Currently the usage of the class looks something like:

job = SSHJobMan(hostlist, cmd)
job.start()
while not job.done():
    for each in job.poll():
        incrementally_process(job.results[each])
        time.sleep(0.2) # or other more useful work
post_process(job.results)

An alernative usage model is:

job = SSHJobMan(hostlist, cmd)
job.wait()  # implicitly performs a start()
process(job.results)

This all works fine for the current utility. However it does lack flexibility. For example I currently support a brief output format or a progress bar as incremental results, I also support brief, complete and "merged message" outputs for the post_process() function.

However, I'd like to support multiple results/output streams (progress bar to the terminal, debugging and warnings to a log file, outputs from successful jobs to one file/directory, error messages and other results from non-successful jobs to another, etc).

This sounds like a situation that calls for Observer ... have instances of my class accept registration from other objects and call them back with specific types of events as they occur.

I'm looking at PyPubSub since I saw several references to that in SO related questions. I'm not sure I'm ready to add the external dependency to my utility but I could see value in using their interface as a model for mine if that's going to make it easier for others to use. (The project is intended as both a standalone command line utility and a class for writing other scripts/utilities).

In short I know how to do what I want ... but there are numerous ways to accomplish it. I want suggestions on what's most likely to work for other users of the code in the long run.

The code itself is at: classh.

1
42
1/17/2012 2:52:28 AM

Accepted Answer

However it does lack flexibility.

Well... actually, this looks like a good design to me if an asynchronous API is what you want. It usually is. Maybe all you need is to switch from stderr to Python's logging module, which has a sort of publish/subscribe model of its own, what with Logger.addHandler() and so on.

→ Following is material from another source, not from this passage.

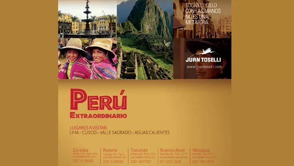 Cuba, Brasil, Perú y muchos más, son destinos atractivos por excelencia, pero ¿cómo presentarlos a un viajero que no sabe por cuál decidirse y no conoce aún ninguno? Con mucho color, buenas fotos y frases atractivas, la gente de Mate logró el objetivo de exponer avisos vistosos para los clientes de Toselli.

If you do want to support observers, my advice is to keep it simple. You really only need a few lines of code.

class Event(object):
    pass

class Observable(object):
    def __init__(self):
        self.callbacks = []
    def subscribe(self, callback):
        self.callbacks.append(callback)
    def fire(self, **attrs):
        e = Event()
        e.source = self
        for k, v in attrs.iteritems():
            setattr(e, k, v)
        for fn in self.callbacks:
            fn(e)

Your Job class can subclass Observable. When something of interest happens, call self.fire(type="progress", percent=50) or the like.

48
12/18/2009 3:01:00 AM

I think people in the other answers overdo it. You can easily achieve events in Python with less than 15 lines of code.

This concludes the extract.